De plus, s’agissant de l’exécution de cette convention, on relève à l’analyse de l’unique courrier de M. A Z produit par les appelants, celui du 19 décembre 2001 que les seuls frais supportés par les époux X étaient leur consommation (eau électricité), qu’à l’évidence la surveillance n’était pas assurée, que l’entretien laissait à désirer. Les époux X ne produisent aucun document de nature à établir l’importance de la prestation qu’ils prétendent mise à leur charge par la convention.
De l’ensemble de ces éléments, il se déduit, comme l’a fait à juste titre le tribunal, que cette mise à disposition du logement par M. A Z était essentiellement gratuite, qu’elle avait duré 14 ans lorsque les consorts Z ont notifié aux époux X la résiliation de ce contrat en respectant un délai de préavis très raisonnable de six mois.
Le jugement est en conséquence confirmé en ses dispositions relatives à l’expulsion des époux X.
— sur les dommages-intérêts alloués par le tribunal
Ceux-ci ont été alloués aux consorts Z en réparation d’une part du préjudice occasionné par le manquement des époux X à la bonne foi contractuelle, compte tenu de la résistance active et abusive aux demandes des consorts Z, d’autre part de celui qui résulte du défaut d’entretien et de surveillance des lieux.
La cour est en mesure de constater l’abus des époux X, au regard des multiples demandes légitimes des consorts Z demeurées sans effet, des motifs sévères retenus par les juridictions saisies par les époux X. On relève également que les époux X ne justifient pas avoir réagi, ne serait-ce pour les contester, aux dénonciations par les consorts Z de leurs carences en matière d’entretien minimal et de surveillance des lieux, qu’ils ne produisent aucun document de nature à contredire ces affirmations. En revanche, l’irrecevabilité des pièces et conclusions des intimés prive la cour des attestations dont le tribunal avait eu connaissance.

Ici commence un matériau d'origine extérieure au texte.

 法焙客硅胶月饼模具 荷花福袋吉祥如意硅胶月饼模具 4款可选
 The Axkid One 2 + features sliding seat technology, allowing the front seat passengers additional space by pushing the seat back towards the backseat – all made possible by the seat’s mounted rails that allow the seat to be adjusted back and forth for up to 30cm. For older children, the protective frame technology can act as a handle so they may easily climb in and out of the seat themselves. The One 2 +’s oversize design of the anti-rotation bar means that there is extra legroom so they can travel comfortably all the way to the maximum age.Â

En cet état, l’indemnisation du préjudice subi par les consorts Z est réduite à la somme de 8.000 €.
— sur les demandes annexes
Il n’y a pas lieu de modifier la condamnation prononcée en première instance sur le fondement de l’article 700 du code de procédure civile.

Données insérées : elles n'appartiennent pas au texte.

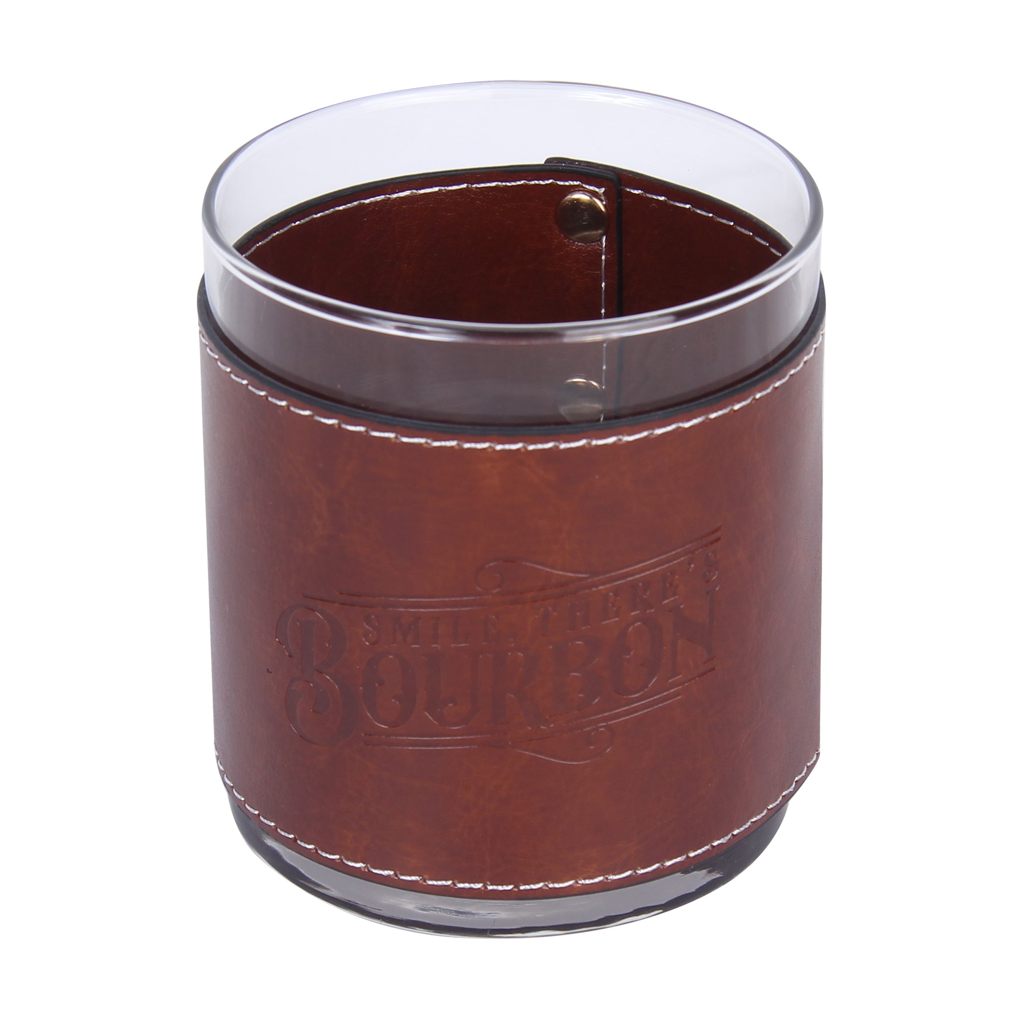 Raise a glass and your spirits with this charming Smile There's Bourbon Faux Leather Rocks Glass. Emblazoned with the cheerful reminder "smile, there's bourbon," it's the perfect companion for whiskey lovers with a sense of humor. The durable faux leather grip keeps your drink secure while adding a touch of rustic sophistication to your bar setup. Whether you're treating yourself or gifting a fellow bourbon enthusiast, this glass brings warmth and wit to every pour.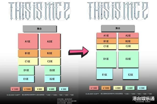 此外,研究到即使对剩余高价票进行打折,销售依然面对贫乏,主理方进一步作念出了临时退换,他们将原先联想的高价票区域进行了大鸿沟缩减,把腾退出来的宝贵空间再行划入中低票价区域对外发售。这么一来,尚未买票的粉丝不错用很实惠的价钱买到位置更靠前、视线更好的门票。

Les époux X doivent les dépens de première instance et d’appel.
PAR CES MOTIFS
La Cour,
Vu l’ordonnance du magistrat chargé de la mise en état du 17 juillet 2014,
Confirme le jugement déféré sauf sur le montant des dommages-intérêts alloués à M. A-F Z et Mme C Z et statuant à nouveau sur ce point,
Condamne M. H I X K et Mme L M K X à payer à M. A-F Z et Mme C Z la somme de 8.000 € en réparation de leur préjudice.
Y ajoutant,
Condamne M. H I X K et Mme L M K X au paiement des dépens dont distraction par application des dispositions de l’article 699 du code de procédure civile. Dit n’y avoir lieu à application de l’article 700 du code de procédure civile.